#### Problem to work on
Images should be omitted while the rest of the data is duplicated exactly.

#### Exercise data

++++

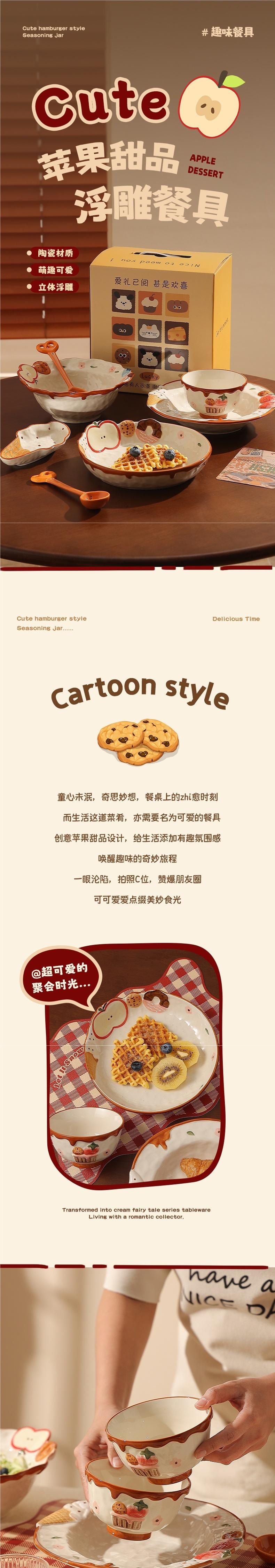 Vajilla de Manzana en Relieve Creativa Cerámica Tazón de Arroz Plato Plato para el Hogar Plato Hondo Tazón de Sopa Plato para Salsas Bajo Esmalte
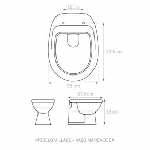 Tampa De Vaso Village Preto Tampa Para Vaso Deca De Mdf Preto Assento Sanitário tampa de vaso fabricado em madeira MDF com pintura laqueada, com proteção raios UV, que garante excelente acabamento e durabilidade. Compatível com vasos bacias/louças sanitários com ou sem caixa acoplada. Tem calços de PVC instalados na tampa e no assento para proporcionar estabilidade ao uso, pois distribui o peso uniformemente sobre a louça sanitária. Montagem simples e fácil. Possui ferragem em alumínio anodizado que não enferruja/oxida e oferece muita resistência. O assento é acompanhado por parafusos para instalação. Embalagem dupla reforçada garante o recebimento do produto totalmente protegido. Especificações: - Dimensões da caixa: largura: 49,50cm. Altura: 4,00cm comprimento: 39,50cm - Peso do produto: 1,98kg - Acabamento: brilhante - Uso: este assento é adequado para uso na louça Deca modelo Village - Garantia: 3 meses - Itens inclusos: Tampa e assento em MDF com calços de PVC, ferragem inoxidável, embalagem duplamente reforçada. Contém todos os parafusos e encaixes para instalação, sendo necessária somente uma chave de fenda para instalar o produto na louça sanitária. Instalação: posicione o produto, devidamente centralizado, em cima do vaso sanitário. Sem desmontar a ferragem, insira as buchas de borracha dentro dos furos da bacia sanitária. Encaixe os parafusos e posicione as porcas. Utilizando uma chave de fenda, aperte o parafuso no sentido horário até que o assento esteja firme e fixo no vaso. Manutenção: recomendamos a limpeza periódica com pano levemente umedecido com sabão neutro. Não usar esponjas abrasivas ou palha de aço nem qualquer tipo de produto químico.
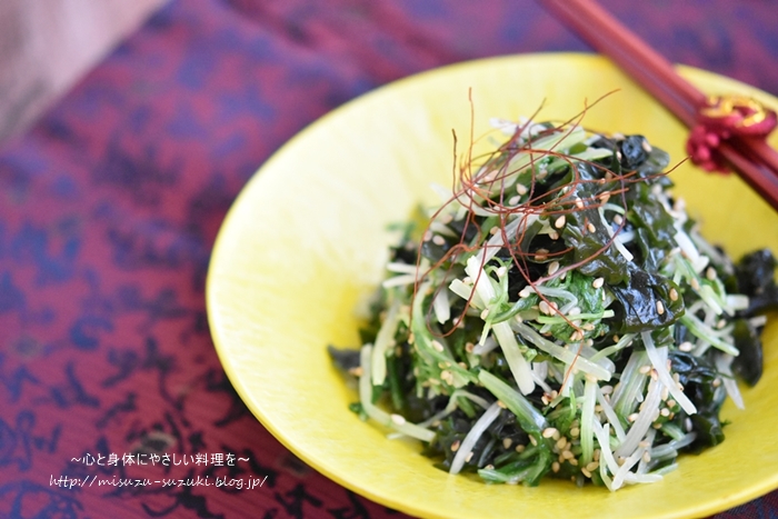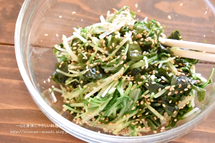 【水菜とわかめのナムル】

++++

#### Solution to this exercise
 Vajilla de Manzana en Relieve Creativa Cerámica Tazón de Arroz Plato Plato para el Hogar Plato Hondo Tazón de Sopa Plato para Salsas Bajo Esmalte
 Tampa De Vaso Village Preto Tampa Para Vaso Deca De Mdf Preto Assento Sanitário tampa de vaso fabricado em madeira MDF com pintura laqueada, com proteção raios UV, que garante excelente acabamento e durabilidade. Compatível com vasos bacias/louças sanitários com ou sem caixa acoplada. Tem calços de PVC instalados na tampa e no assento para proporcionar estabilidade ao uso, pois distribui o peso uniformemente sobre a louça sanitária. Montagem simples e fácil. Possui ferragem em alumínio anodizado que não enferruja/oxida e oferece muita resistência. O assento é acompanhado por parafusos para instalação. Embalagem dupla reforçada garante o recebimento do produto totalmente protegido. Especificações: - Dimensões da caixa: largura: 49,50cm. Altura: 4,00cm comprimento: 39,50cm - Peso do produto: 1,98kg - Acabamento: brilhante - Uso: este assento é adequado para uso na louça Deca modelo Village - Garantia: 3 meses - Itens inclusos: Tampa e assento em MDF com calços de PVC, ferragem inoxidável, embalagem duplamente reforçada. Contém todos os parafusos e encaixes para instalação, sendo necessária somente uma chave de fenda para instalar o produto na louça sanitária. Instalação: posicione o produto, devidamente centralizado, em cima do vaso sanitário. Sem desmontar a ferragem, insira as buchas de borracha dentro dos furos da bacia sanitária. Encaixe os parafusos e posicione as porcas. Utilizando uma chave de fenda, aperte o parafuso no sentido horário até que o assento esteja firme e fixo no vaso. Manutenção: recomendamos a limpeza periódica com pano levemente umedecido com sabão neutro. Não usar esponjas abrasivas ou palha de aço nem qualquer tipo de produto químico.
 【水菜とわかめのナムル】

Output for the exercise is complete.